Giraffe, the Tesco-owned restaurant group, has said it is well placed to “perform strongly and expand at speed” following its acquisition by the retailer.

Reporting its results for the year to 24 March 2013, in which it saw turnover climb 9.3% to £44.2m, the company said that with the “support of its new parent company its expansion is set to move forward apace”.

The group, which said that trading in the first six months of 2013 had been above expectations, has so far opened fourTesco Extra-based sites and is believed to have over 10 further openings lined up inside or near to Extra stores for next year.

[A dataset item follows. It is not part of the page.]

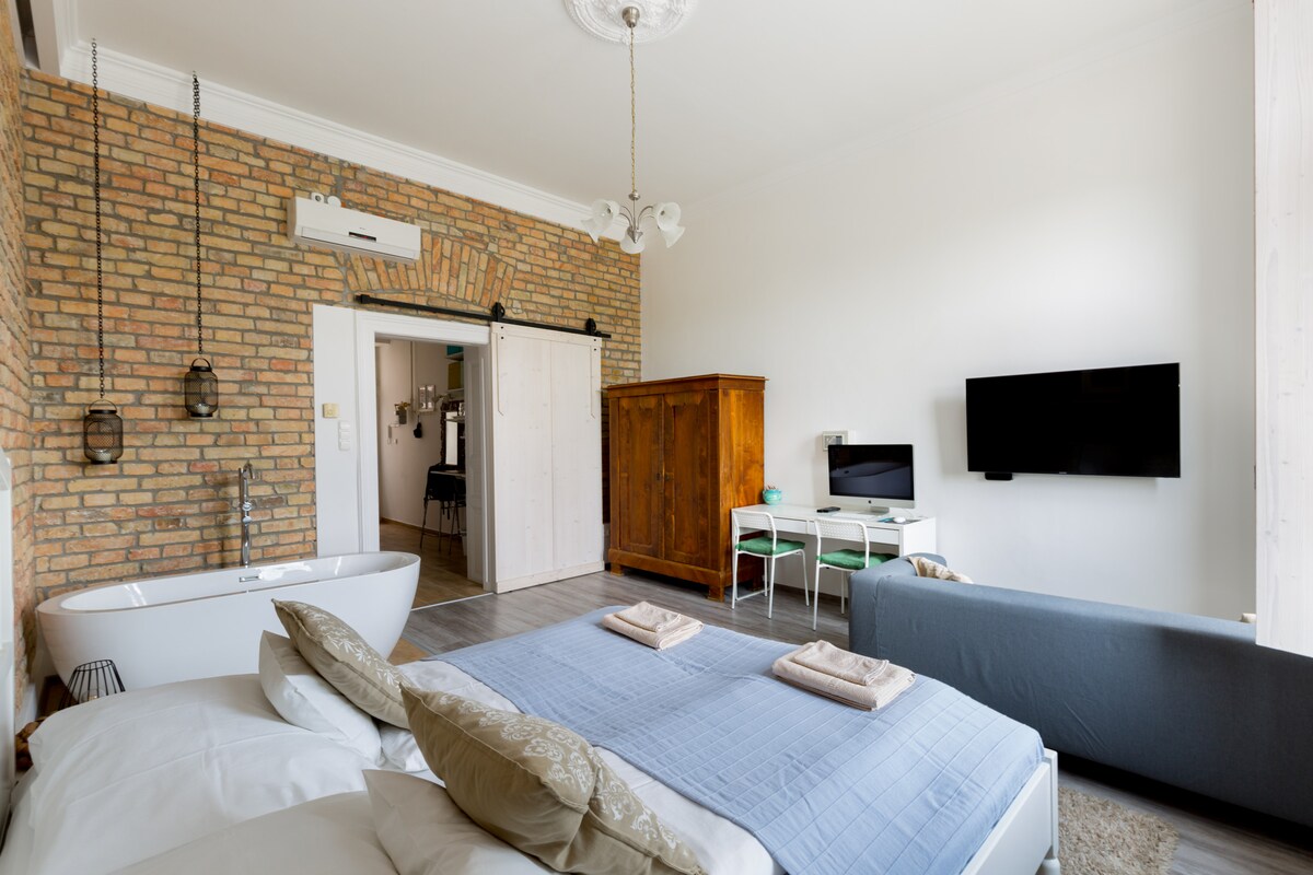 Nuevo Studio, private bathroom y kitchenette. En el centro, junto a Shopping street y la Central Market Hall Cuatro estudios individuales en el centro con cama queen y sofá cama, baño privado con ducha e inodoro, A/C, wifi gratuito de alta velocidad, TV y Netflix. Vestíbulo común con cocina totalmente equipada con horno, placa de 4 fuegos, lavavajillas, lavadora y secadora. El Danubio, restaurantes, cafeterías, tiendas, metro y tranvía están a la vuelta de la esquina.

Openings are being lined up in Inverness, Glasgow, Wisbech, Newcastle, Peterborough, Cirencester, Shrewsbury, Cheam, Yeading and in Martlesham near Ipswich.

Giraffe, which opened its first overseas franchise site at Dubai Airport at the start of this year, is to open a restaurant with its UAE franchise partner Emirates Leisure Retail (ELR) at the Yas Mall in the city.

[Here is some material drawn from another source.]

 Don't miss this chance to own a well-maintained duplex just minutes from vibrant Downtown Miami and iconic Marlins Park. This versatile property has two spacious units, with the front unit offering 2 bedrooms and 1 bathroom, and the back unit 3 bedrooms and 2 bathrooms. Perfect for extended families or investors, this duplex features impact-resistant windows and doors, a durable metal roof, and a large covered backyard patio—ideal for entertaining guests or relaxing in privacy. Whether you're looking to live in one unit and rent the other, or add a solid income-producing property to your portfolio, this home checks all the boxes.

The company is also set to make its first foray into an out-of-town site after securing a unit in the new £4m leisure terrace at the Kingston Centre in Milton Keynes.

Earlier this month, Russel Joffe, managing director and co-founder of Giraffe, said “Our first Tesco site, which opened in Watford this August, has been a huge success, performing above expectations at every level and we hope that these new openings will follow suit.”

Operating loss for the year to 24 March 2013 stood at £4.8m against a £600k profit in the previous 12 months, while administrative expenses climbed from £29.5m to £38.7m due to new site openings, an increase in its operations team and one-off costs relating to its c£48m acquisition by Tesco. Pre-tax losses for the year stood at c£5m against a £326k profit in the previous year.

Net cash generated from operations during the 12 months decreased from £5m to £4.2m, while total net capital expenditure stood at £2.4m (2012: £5.5m). As at the year end the company had net funds of £2.2m against a net edbt of £6.7m in 2012.